# [Assignment]
Copy the data below exactly. Any pictures in it should be omitted.

*** Begin section ***

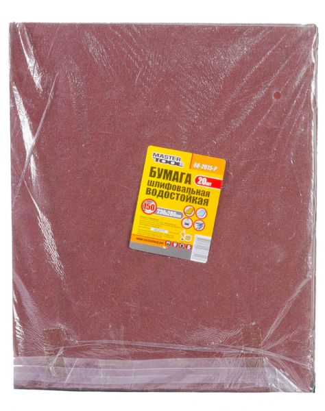 Папір шліфувальний водостійкий Р150 230х280 мм 20 шт MASTERTOOL 08-2615-Р
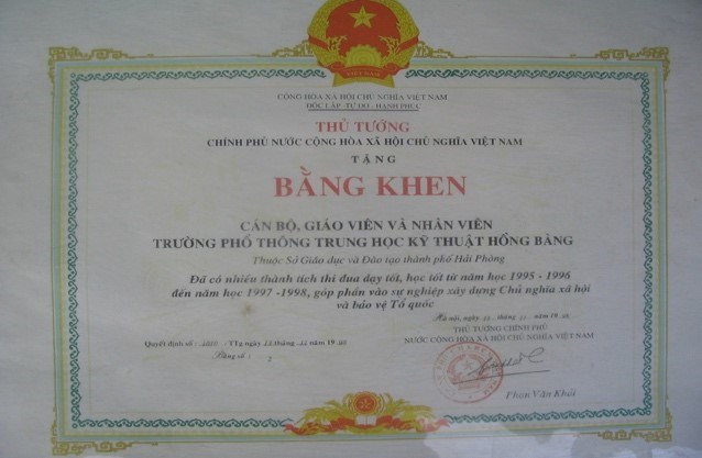 + Năm học 1996 - 1997 Đoàn trường được nhận cờ Đơn vị dẫn đầu phong trào thanh niên khối trường học thành phố do Thành đoàn Hải Phòng trao tặng.
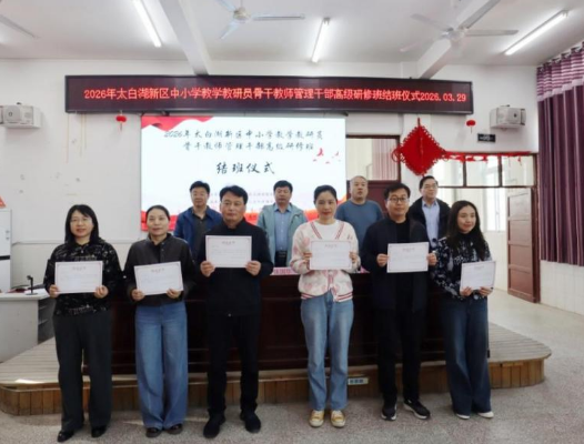 为深入贯彻落实新时代教育改革发展要求,提升中小学教学教研管理干部的专业素养与管理能力,2026年3月27日至29日,太白湖新区教育分局举办中小学教学教研员、骨干教师、管理干部专题研修班。全区各中小学教学教研员、骨干教师、管理干部参加研修班,共研教学管理之道,共促教育质量提升。
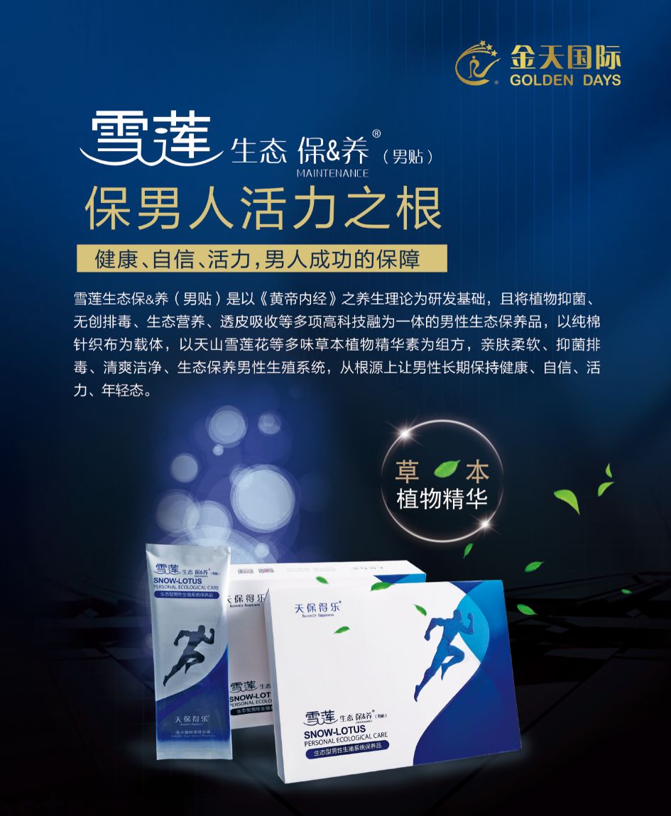 是专门针对男士生殖系统的养护治疗为一体的全球首创的男人卫生巾,贴在男人的裤裆里,让男人不再为了生殖系统的健康疾病去医院打针、吃药、脱裤子,是一款专门针对男性生殖系统保养的生态养护贴,能够解决现代男性的“四大类”现状和危机,让你告别去医院脱裤子的尴尬。
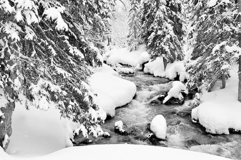 Keywords: snow alps haute-savoie winter landscape mountain ski winter landscape nature high alps white france snowy courchevel les 3 vallées fir sky clouds torrent water
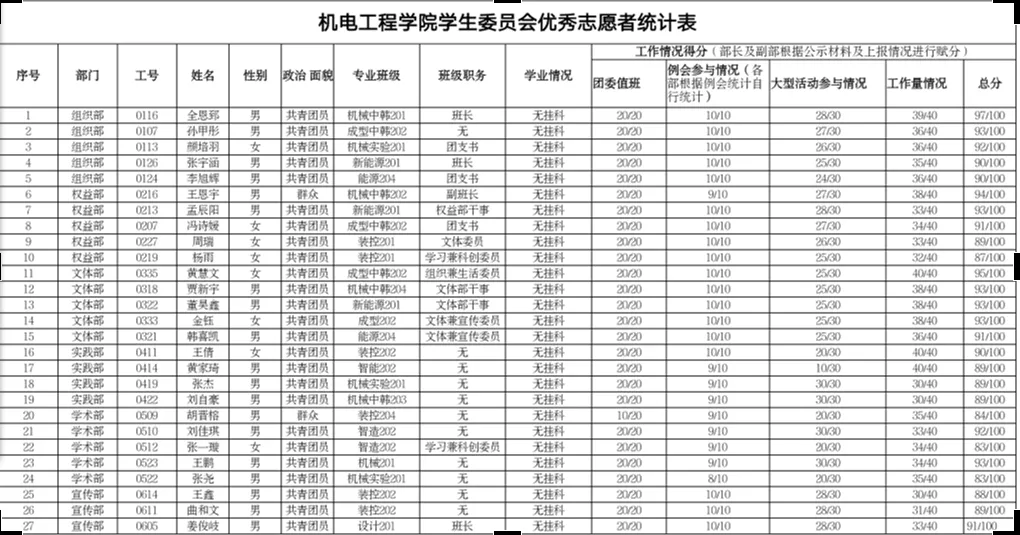 会议首先对上学期表现优异,工作突出的大一常驻志愿者进行表彰。根据团委值班情况、例会参与情况、大型活动参与情况以及每周工作量情况等指标,结合期末成绩要求,经自行申报,副部长打分,部长主席团审核及公示,最终评选出27名优秀志愿者(名单如下)。
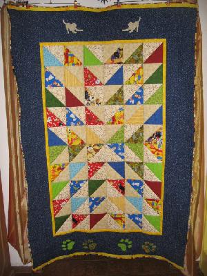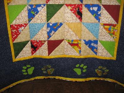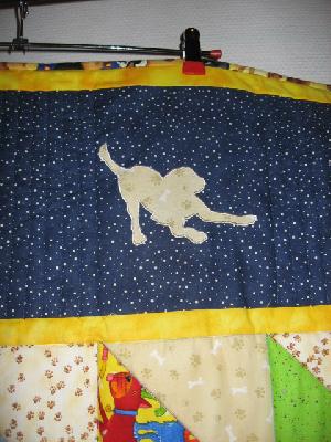 Dein Quilt gefällt mir sehr gut, auch daß die Ecken nicht alle in die gleiche Richtung zeigen, sondern so zentriert sind, mal was anderes. Da wird sich der Hund sicher sehr wohl darauf fühlen.

*** End section ***

# [Result of the task]
 Папір шліфувальний водостійкий Р150 230х280 мм 20 шт MASTERTOOL 08-2615-Р
 + Năm học 1996 - 1997 Đoàn trường được nhận cờ Đơn vị dẫn đầu phong trào thanh niên khối trường học thành phố do Thành đoàn Hải Phòng trao tặng.
 为深入贯彻落实新时代教育改革发展要求,提升中小学教学教研管理干部的专业素养与管理能力,2026年3月27日至29日,太白湖新区教育分局举办中小学教学教研员、骨干教师、管理干部专题研修班。全区各中小学教学教研员、骨干教师、管理干部参加研修班,共研教学管理之道,共促教育质量提升。
 是专门针对男士生殖系统的养护治疗为一体的全球首创的男人卫生巾,贴在男人的裤裆里,让男人不再为了生殖系统的健康疾病去医院打针、吃药、脱裤子,是一款专门针对男性生殖系统保养的生态养护贴,能够解决现代男性的“四大类”现状和危机,让你告别去医院脱裤子的尴尬。
 Keywords: snow alps haute-savoie winter landscape mountain ski winter landscape nature high alps white france snowy courchevel les 3 vallées fir sky clouds torrent water
 会议首先对上学期表现优异,工作突出的大一常驻志愿者进行表彰。根据团委值班情况、例会参与情况、大型活动参与情况以及每周工作量情况等指标,结合期末成绩要求,经自行申报,副部长打分,部长主席团审核及公示,最终评选出27名优秀志愿者(名单如下)。
 Dein Quilt gefällt mir sehr gut, auch daß die Ecken nicht alle in die gleiche Richtung zeigen, sondern so zentriert sind, mal was anderes. Da wird sich der Hund sicher sehr wohl darauf fühlen.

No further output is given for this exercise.